- **WHAT IS EXPECTED**
Take the data below and copy exactly the lines starting at the one with "Ловля тяжелой артиллерией: - джерковое" and finishing at the one with "Заинтересовала исследователей деревня", both included.

- **RECORDS FOR PROCESSING**
════════════════════

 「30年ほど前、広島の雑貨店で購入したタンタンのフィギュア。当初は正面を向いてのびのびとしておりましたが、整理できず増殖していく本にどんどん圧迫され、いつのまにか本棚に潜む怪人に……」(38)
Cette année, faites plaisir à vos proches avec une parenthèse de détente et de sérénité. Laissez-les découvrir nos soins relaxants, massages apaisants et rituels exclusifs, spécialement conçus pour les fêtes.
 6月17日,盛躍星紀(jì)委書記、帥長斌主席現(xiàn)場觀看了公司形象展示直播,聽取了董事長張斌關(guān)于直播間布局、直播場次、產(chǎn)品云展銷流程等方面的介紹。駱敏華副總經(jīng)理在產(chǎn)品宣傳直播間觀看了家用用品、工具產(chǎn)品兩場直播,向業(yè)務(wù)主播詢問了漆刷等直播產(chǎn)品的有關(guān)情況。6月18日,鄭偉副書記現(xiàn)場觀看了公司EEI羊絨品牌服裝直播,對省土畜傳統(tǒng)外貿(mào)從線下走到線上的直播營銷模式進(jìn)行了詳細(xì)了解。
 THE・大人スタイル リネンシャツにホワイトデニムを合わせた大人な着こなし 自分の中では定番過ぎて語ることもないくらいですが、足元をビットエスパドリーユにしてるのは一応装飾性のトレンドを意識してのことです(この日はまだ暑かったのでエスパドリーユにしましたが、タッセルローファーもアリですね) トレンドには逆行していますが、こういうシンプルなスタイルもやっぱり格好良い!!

════════════════════

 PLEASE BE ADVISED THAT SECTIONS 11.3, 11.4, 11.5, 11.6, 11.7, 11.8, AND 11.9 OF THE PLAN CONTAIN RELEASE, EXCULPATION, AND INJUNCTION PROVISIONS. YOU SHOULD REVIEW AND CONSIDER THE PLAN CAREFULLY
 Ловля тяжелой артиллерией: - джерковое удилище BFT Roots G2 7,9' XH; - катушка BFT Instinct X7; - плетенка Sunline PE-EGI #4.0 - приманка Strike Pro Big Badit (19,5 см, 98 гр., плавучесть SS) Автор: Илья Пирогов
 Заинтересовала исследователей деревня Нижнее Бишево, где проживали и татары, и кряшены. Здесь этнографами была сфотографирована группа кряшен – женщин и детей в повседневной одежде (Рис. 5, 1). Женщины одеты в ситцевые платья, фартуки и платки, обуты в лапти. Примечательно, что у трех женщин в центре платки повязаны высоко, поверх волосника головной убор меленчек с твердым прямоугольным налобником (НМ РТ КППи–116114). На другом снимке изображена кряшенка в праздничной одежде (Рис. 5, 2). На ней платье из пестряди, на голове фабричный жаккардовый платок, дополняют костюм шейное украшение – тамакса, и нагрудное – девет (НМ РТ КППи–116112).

════════════════════

- **WORKED SOLUTION**
 Ловля тяжелой артиллерией: - джерковое удилище BFT Roots G2 7,9' XH; - катушка BFT Instinct X7; - плетенка Sunline PE-EGI #4.0 - приманка Strike Pro Big Badit (19,5 см, 98 гр., плавучесть SS) Автор: Илья Пирогов
 Заинтересовала исследователей деревня Нижнее Бишево, где проживали и татары, и кряшены. Здесь этнографами была сфотографирована группа кряшен – женщин и детей в повседневной одежде (Рис. 5, 1). Женщины одеты в ситцевые платья, фартуки и платки, обуты в лапти. Примечательно, что у трех женщин в центре платки повязаны высоко, поверх волосника головной убор меленчек с твердым прямоугольным налобником (НМ РТ КППи–116114). На другом снимке изображена кряшенка в праздничной одежде (Рис. 5, 2). На ней платье из пестряди, на голове фабричный жаккардовый платок, дополняют костюм шейное украшение – тамакса, и нагрудное – девет (НМ РТ КППи–116112).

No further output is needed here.